▶ **Dataset records**

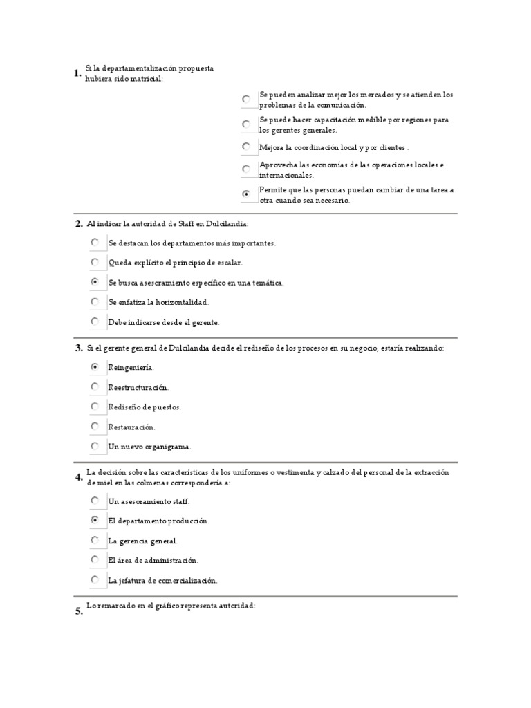 El organigrama utilizando el criterio funcional y territorial debe presentar: Un departamento que atienda a los clientes internos y reas en Argentina y EEUU. Un rea de comercio exterior y reas de produccin que atienda Argentina y Europa. Un departamento por lnea de productos y reas en Argentina y EEUU. Ninguna de las opciones es correcta. Un departamento por tipo de miel y reas en Argentina y Brasil. La . permite al gerente general de Dulcilancia, dedicarse a las actividades de ms importancia, en tanto que las funciones detalladas y rutinarias se delegan. Esta es una de las ventajas de la: Centralizacin. Autonoma. Automatizacin. Autoridad. Delegacin.
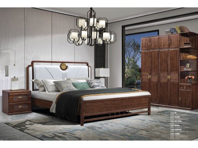 華軒新中式烏金木床355#、床頭柜266#、四門衣柜348#、轉角柜349#、頂轉角柜349#、頂箱柜349#
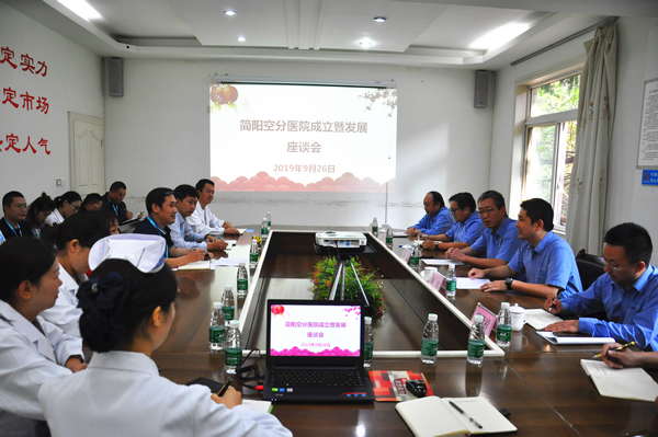 2019年9月26日,簡(jiǎn)陽(yáng)空分醫(yī)院成立暨發(fā)展座談會(huì)在我院會(huì)議室舉行,川空集團(tuán)公司副總經(jīng)理謝波主持座談會(huì),川空集團(tuán)公司董事、副總經(jīng)理,醫(yī)院董事長(zhǎng)單凱出席座談會(huì)并發(fā)表講話,川空集團(tuán)公司領(lǐng)導(dǎo),醫(yī)院領(lǐng)導(dǎo)班子,職能部門負(fù)責(zé)人,部分臨床科室代表參加了座談會(huì)。
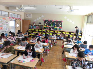 学校探検を行いました。学習したひらがなを学校の中で見つけていろいろな教室を探しました。隠れているひらがなをつなぎ合わせるとある言葉ができます。目をキラキラさせてがんばっていました。
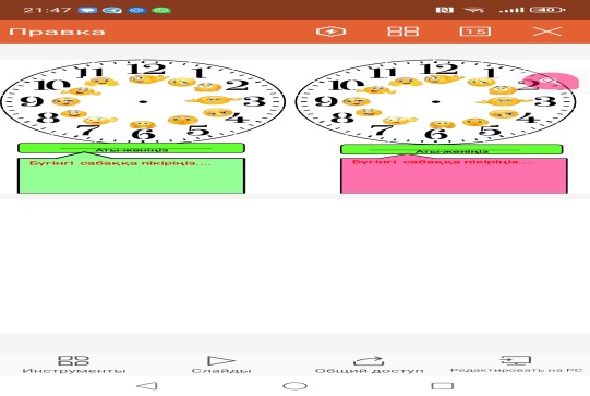 Қатысып отырған оқушыларды мадақтап қою. Дескриптор: Галареядағы суреттерді таңдап тапсырманы орындайды Сағат түрлеріне түсіндірме жасайды Дескриптор: Уақытты өлшеу үшін тәжірибе жасайды Бір-бірінің қозғалыс уақытын анықтайды Тамаша!
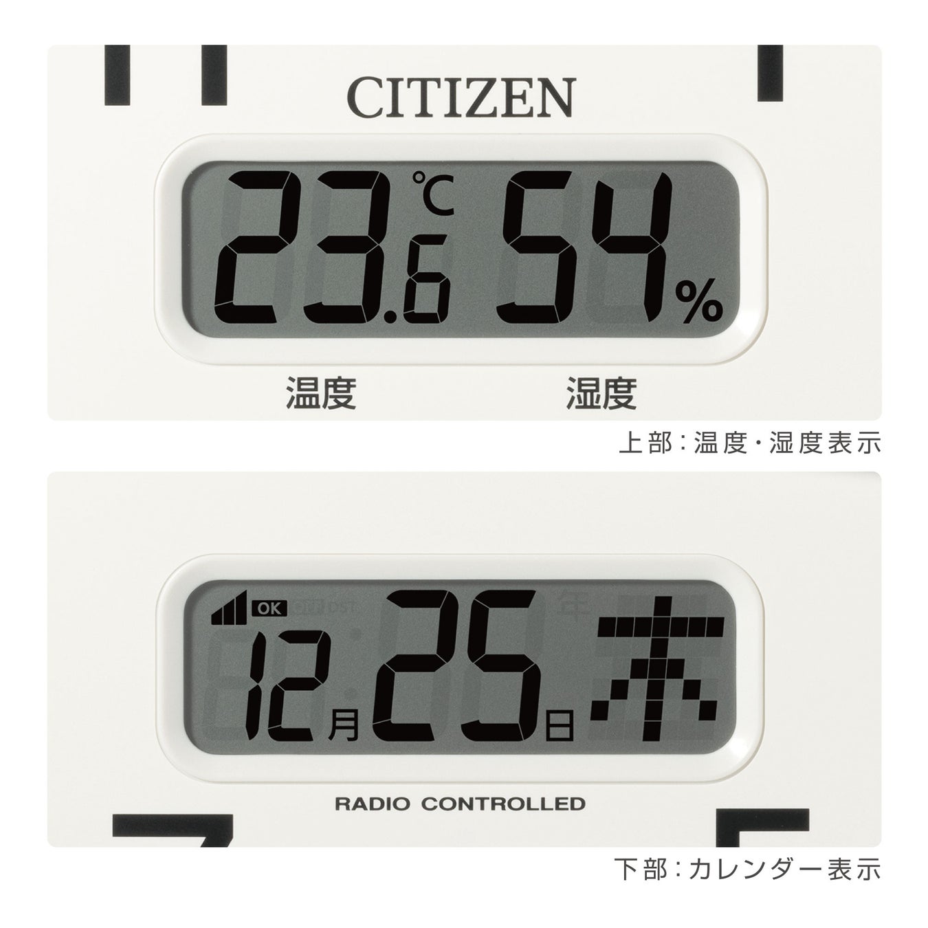 文字板上部の液晶は温度・湿度、下部はカレンダーと、2 枚の液晶が必要な情報をわかりやすくお知らせします。
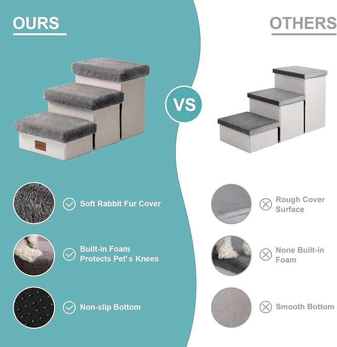 - 【Dog Stair with Storage】NOTE: The stairs are designed for small pets. Each step features a convenient storage space, perfect for storing pet toys, clothes, snacks, and any other pet supplies or accessories. Each step is less than 5 inches high, making it especially suitable for puppies or pets with knee injuries. NOTE: Be sure to verify that the size of the dog stairs is appropriate for your needs before purchasing.
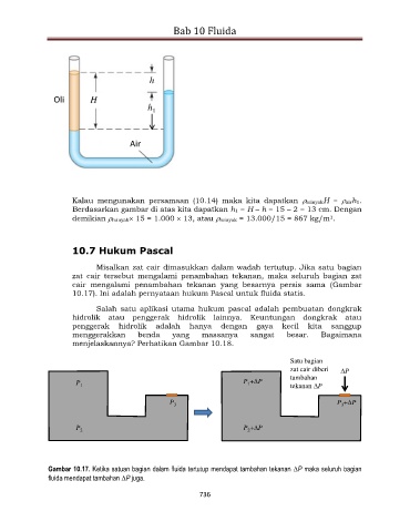 10.17). Ini adalah pernyataan hukum Pascal untuk fluida statis.
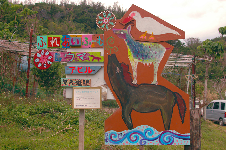分かれ道を曲がり細い一本道の先に清ら海(ちゅらうみ)ファームがあります。
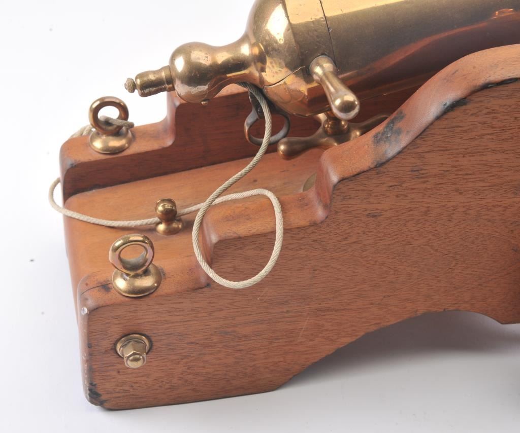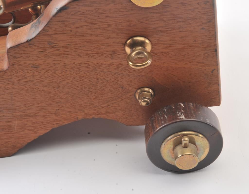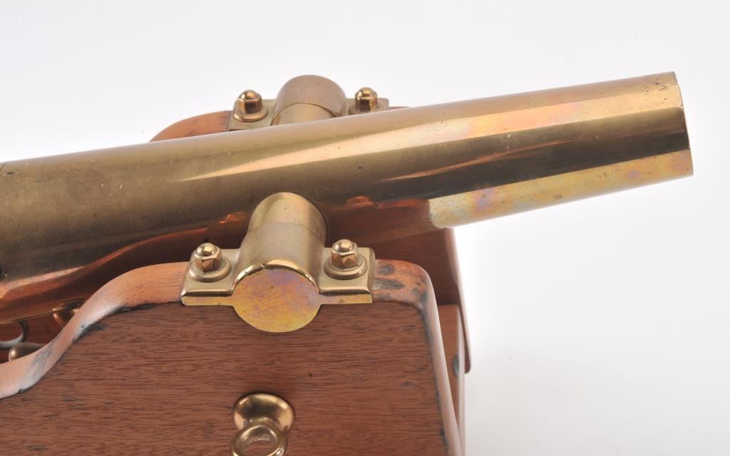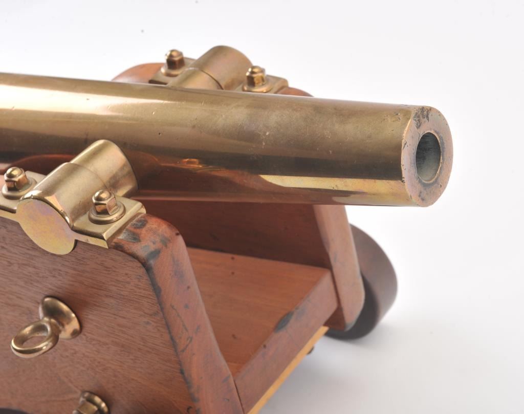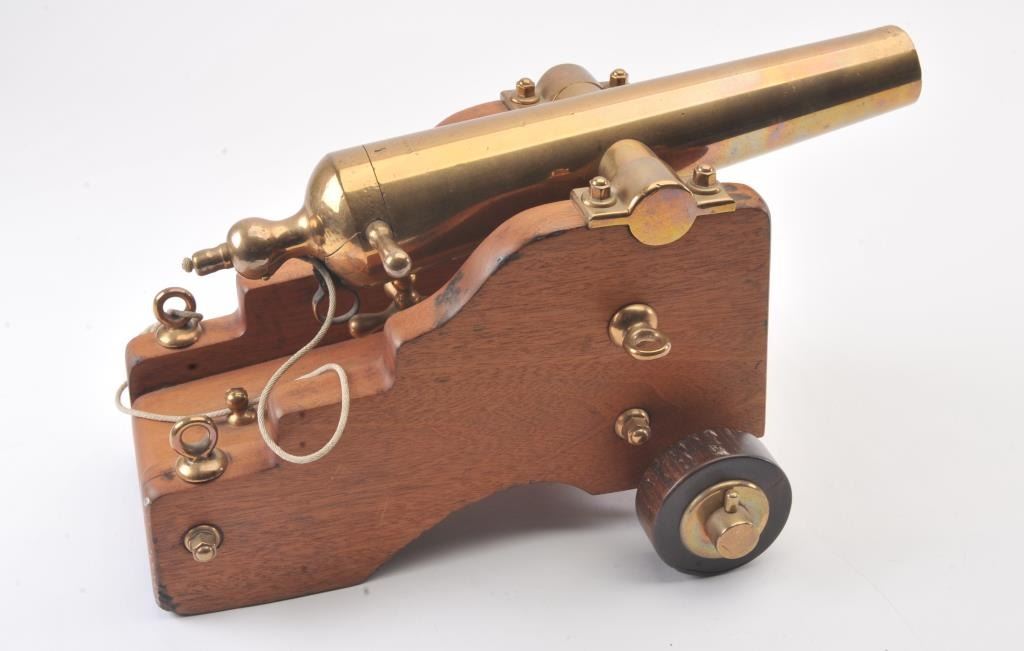 Antique brass cannon on wood carriage, approximately 19” long with a 16” barrel; 10” in height and 12” wide wheel to wheel; very good condition. Est.: $350-$700.
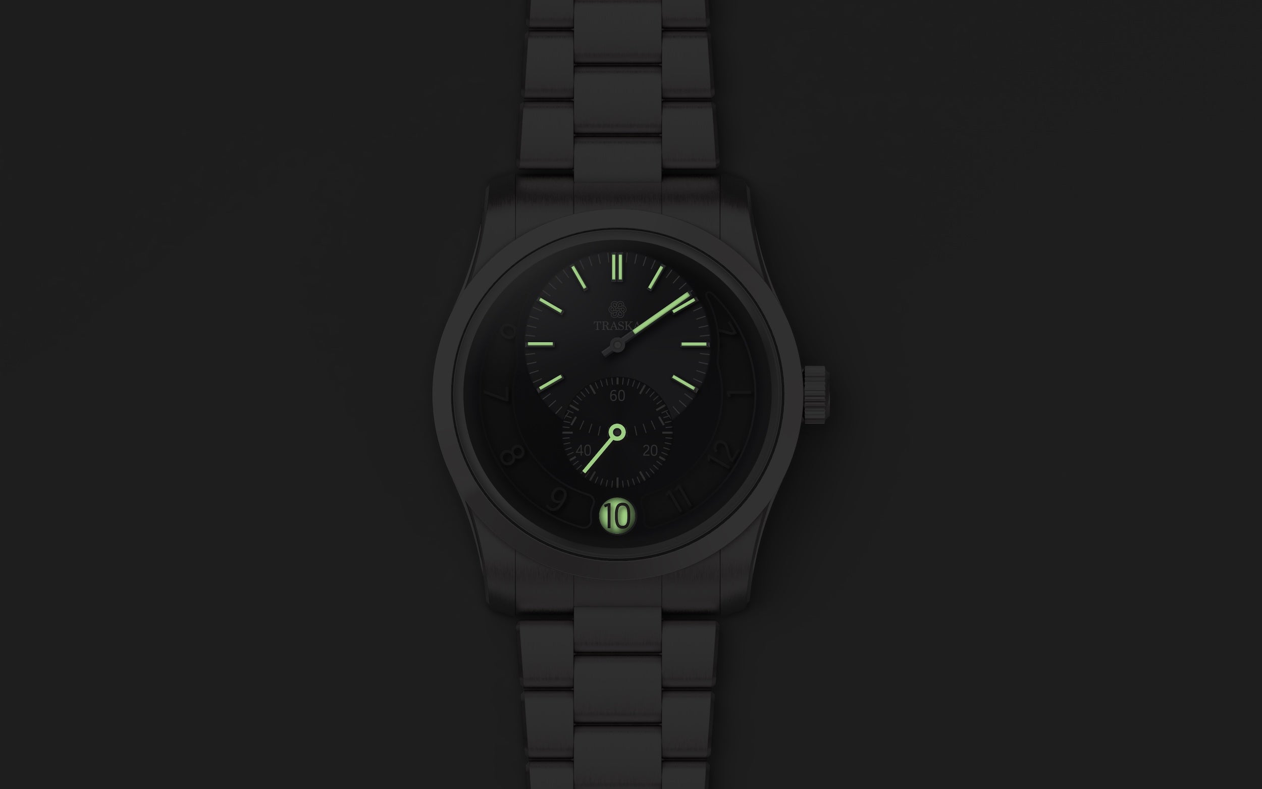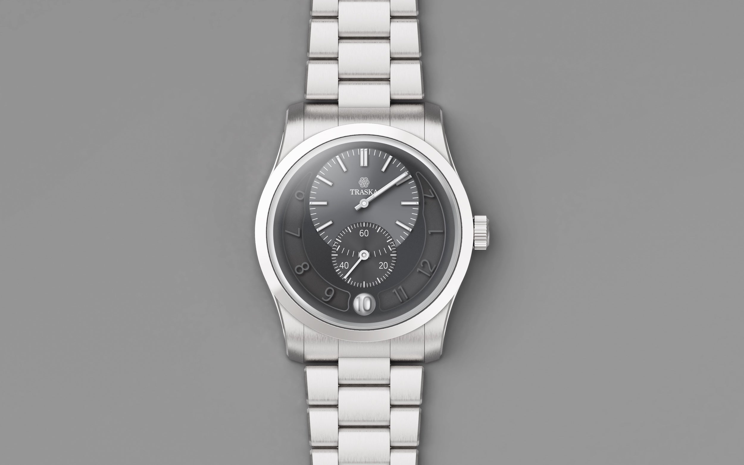 A novel design complements the sophisticated jump hour functionality; the TRASKA Jump Hour sports a unique tripartite dial with minutes, seconds, and hours displayed in their own defined zones. Arabic numerals revealed by a transparent disc at the dial’s base jump forward every 3600 seconds to display the current hour. Designed in partnership with renowned watch designer Max Resnick, it's an aesthetic that gently challenges while remaining true to the purposeful minimalism for which TRASKA is known.
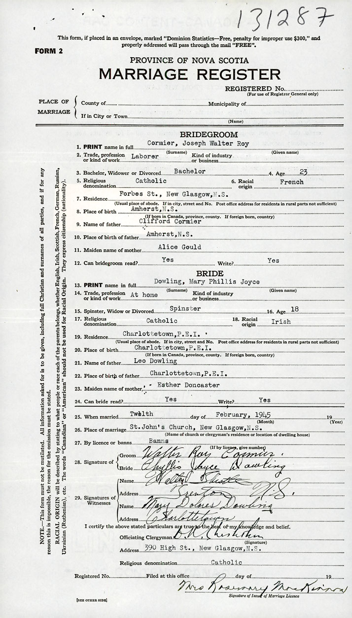 According to a certified copy of the Decree Absolute for Divorce dated 1957-9-13 and filed in the Office of the Registrar General under Divorce number 1556, it is ordered that the marriage of Joseph Walter Roy Cormier and Mary Phyllis Joyce Dowling (Registered under marriage number 1945-131287) be null and void.
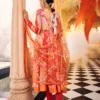 Vibrant, festive, and effortlessly graceful — the Coral Bloom Anarkali Set is designed to turn every moment into a celebration. Crafted in a rich coral hue adorned with intricate floral motifs, this ensemble radiates warmth, elegance, and festive charm.
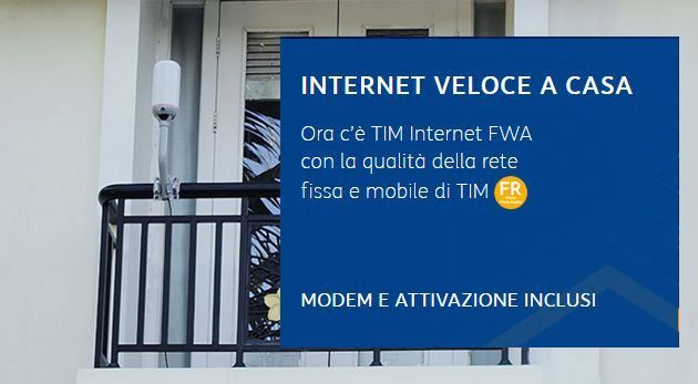 TIM FWA è la linea di offerte di TIM per la navigazione ultrabroadband da casa con una connessione veloce, pensata per chi abita in quelle zone non coperte o con problemi di connettività Fibra/XDSL. E’ disponibile in due versioni: TIM INTERNET FWA che è ‘solo dati’ nel senso che l’offerta è di solo accesso ad Internet con Ultra broadband; TIM SUPER FWA è ‘voce e dati’ fornendo il servizio voce attraverso internet.
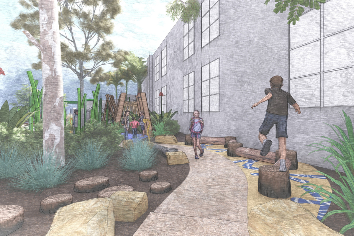 Drawing inspiration from the surrounding bushland, this playground is a wilderness of fun, designed to spark adventure, ignite imagination, and forge a deep connection with nature as students leap, climb, and explore the various play zones.

▶ **To do**
Among the entries above, find the line with "10.17). Ini adalah" and repeat exactly from there through the line with "A novel design", leaving out the pictures.

▶ **Solution for this problem**
 10.17). Ini adalah pernyataan hukum Pascal untuk fluida statis.
分かれ道を曲がり細い一本道の先に清ら海(ちゅらうみ)ファームがあります。
 Antique brass cannon on wood carriage, approximately 19” long with a 16” barrel; 10” in height and 12” wide wheel to wheel; very good condition. Est.: $350-$700.
 A novel design complements the sophisticated jump hour functionality; the TRASKA Jump Hour sports a unique tripartite dial with minutes, seconds, and hours displayed in their own defined zones. Arabic numerals revealed by a transparent disc at the dial’s base jump forward every 3600 seconds to display the current hour. Designed in partnership with renowned watch designer Max Resnick, it's an aesthetic that gently challenges while remaining true to the purposeful minimalism for which TRASKA is known.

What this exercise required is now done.